Neither possibility makes me feel very good.

@dwineman @gruber @siracusa My comment was about design and development costs for third-party apps.

Apple’s done a good job attracting companies to ship native apps for iOS. Less so on macOS, where today I had to use Google Docs and MailChimp in a browser for 2 hours because there are simply no native apps for those services.

It’s a tall order for most companies to spend effort on macOS when consumers overwhelmingly agree web apps are “good enough” on the desktop.

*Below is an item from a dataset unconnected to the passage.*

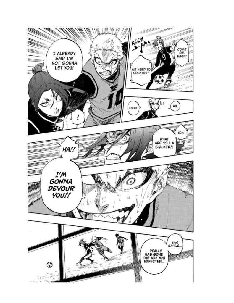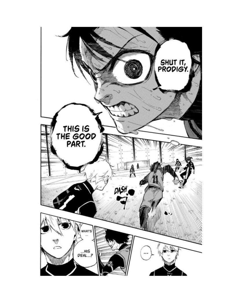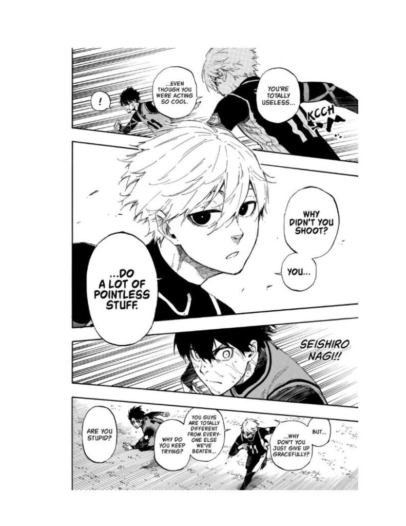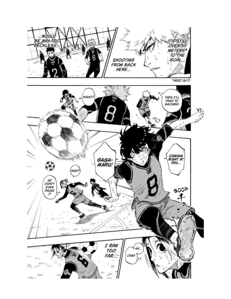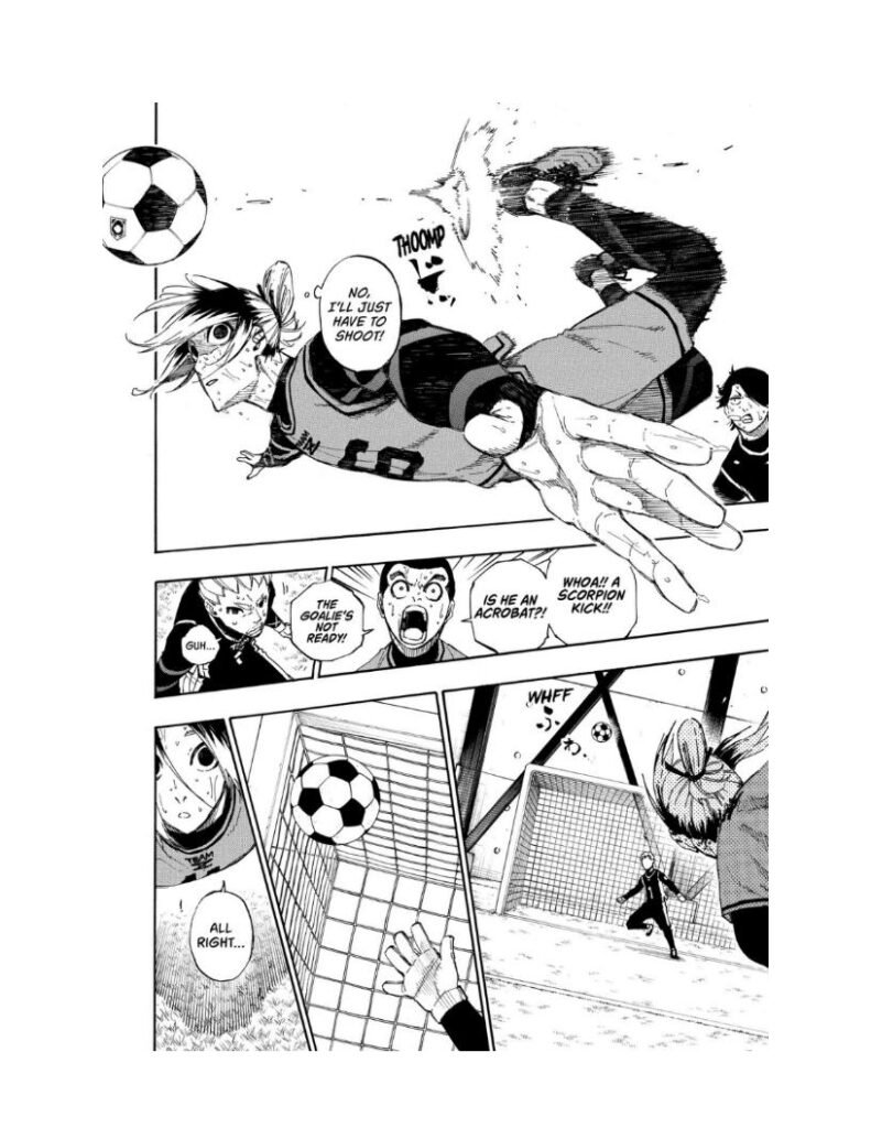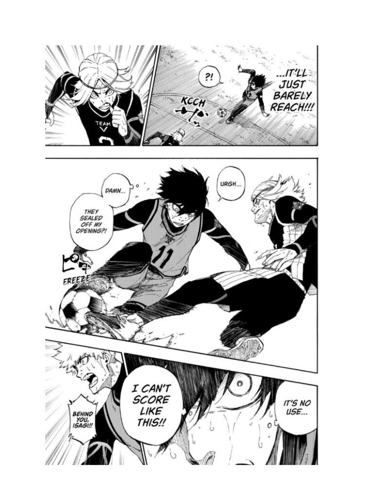 He yells for the ball. Bachira passes. Isagi positions himself perfectly, reading Nagi’s next move, and shoots.

@clarko @gruber @siracusa I think companies for whom web apps can be “good enough” aren’t going to bother making a native app no matter how easy the design and development are. The dealbreaker is in the cost of maintaining and distributing any app at all. The MAS was supposed to make that simpler but, due to its draconian rules, has instead become a huge force *against* native Mac apps in many categories. I think if you want to improve the Mac app ecosystem, that's where you have to start.
@dwineman @clarko @siracusa I don't really think we're of opposing views here, just taking different perspectives. I do think if something can just be a website, it should just be a website. But if it should be an app it should be a native app, and a write-once-run-everywhere Electron (or similar) desktop app more often than not winds up being more expensive over time. Or, the company behind it has no idea how much usage they're losing by not having a good native Mac app.